Plasma	Fatty acids C10:0, C12:0, C14:0, C16:1n-9, C16:0, C18:2, C18:1n-9, C18:1n-11, C18:0, C20:4, C20:5, C20:3, C20:2, C20:0, C22:6	Diverse profiles in different stages of DKD	[122]
Plasma	Phospholipids C18:2-LPC, C16:0/18:1-PE, pC18:0/20:4-PE, C18:0/22:6-PI, C18:0/18:0-PS, dC18:0/20:2-SM	Diagnosis of DKD	[123]
Serum	γ-butyrobetaine, SDMA, azelaic acid, MID 114, MID 127	Diagnosis of DKD	[124]
Urine	3-hydroxy isovalerate, aconitic acid, citric acid, 2-ethyl 3-OH propionate, glycolic acid, homovanillic acid, 3-hydroxy isobutyrate, 2-methyl acetoacetate, 3-methyl adipic acid, 3-methyl crotonyl glycine, 3-hydroxy propionate, tiglylglycine, uracil	Reduced expression in DKD patients	[125]
Plasma and urine	Plasma: Histidine, butenoylcarnitine Urine: Hexose, glutamine, tyrosine	Addition to the original predictive model improved risk estimation for albuminuria progression	[126]
Plasma	P-cresol sulfate, phenylacetylglutamine, myoinositol, pseudouridine, urate	Predicting progression toward ESRD	[127]

LPC: Lysophosphatidylcholine; PE: Phosphatidylethanolamine; PI: Phosphatidylinositol; PS: Phosphatidylserine; SM: Sphingomyelin; SDMA: Symmetric dimethylarginine; MID: Metabolite ID; DKD: Diabetic kidney disease; ESRD: End-stage renal disease.

CONCLUSION

The development of DKD involves the dysfunction and damage of different renal tissues in multiple stages.
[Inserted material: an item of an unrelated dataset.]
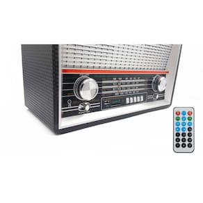 Radio edição retro portátil usb recarregável bluetooth de alta sensibilidade 4.0 polegadas alto falante rms: 4ohms 8x2 Ac/dc alimentação Entrada aux cabo p2 para reproduzir audio de diversos aparelhos Ex: mp3, computador, celular, tablet entre outros Ac: 110v e 220v bivolt chaveado manual Especificações Dimensões do aparelho: 32 cm comprimento x 14,5 cm largura x 20 cm de altura Peso 2,693 kg Medida do cabo de força 1,15 m Faixa de frequência: Am: 530-1600 okhz Fm: 87-108 mhz Sw1: 2.8-10.1 omhz Sw2: 9.9-22.1 omhz Uso de rádio pode durar em torno de 400 minutos Homologação Anatel: 060792000160 Ean: 7898577063664

Due to the complex nature of this disease, whether there is a “universal” biomarker is questionable. With extensive validations, albuminuria and eGFR are currently the standard diagnostic criteria for DKD. Nonetheless, the abilities of these markers to detect tissue damage and functional change in the early stage are limited. With the increasing understanding of pathogenesis and promising preliminary data, applying the information generated from the studies of novel biomarkers, genomic, and proteomic profiles to assist in the early diagnosis of DKD has gradually become plausible. An integration of the “traditional” and “next-generation” markers might be more practical in everyday settings, considering the financial and technical requirements of these novel assays. To sum up, large longitudinal cohort studies are still required to validate the abilities of the aforementioned novel early diagnosis and prediction techniques.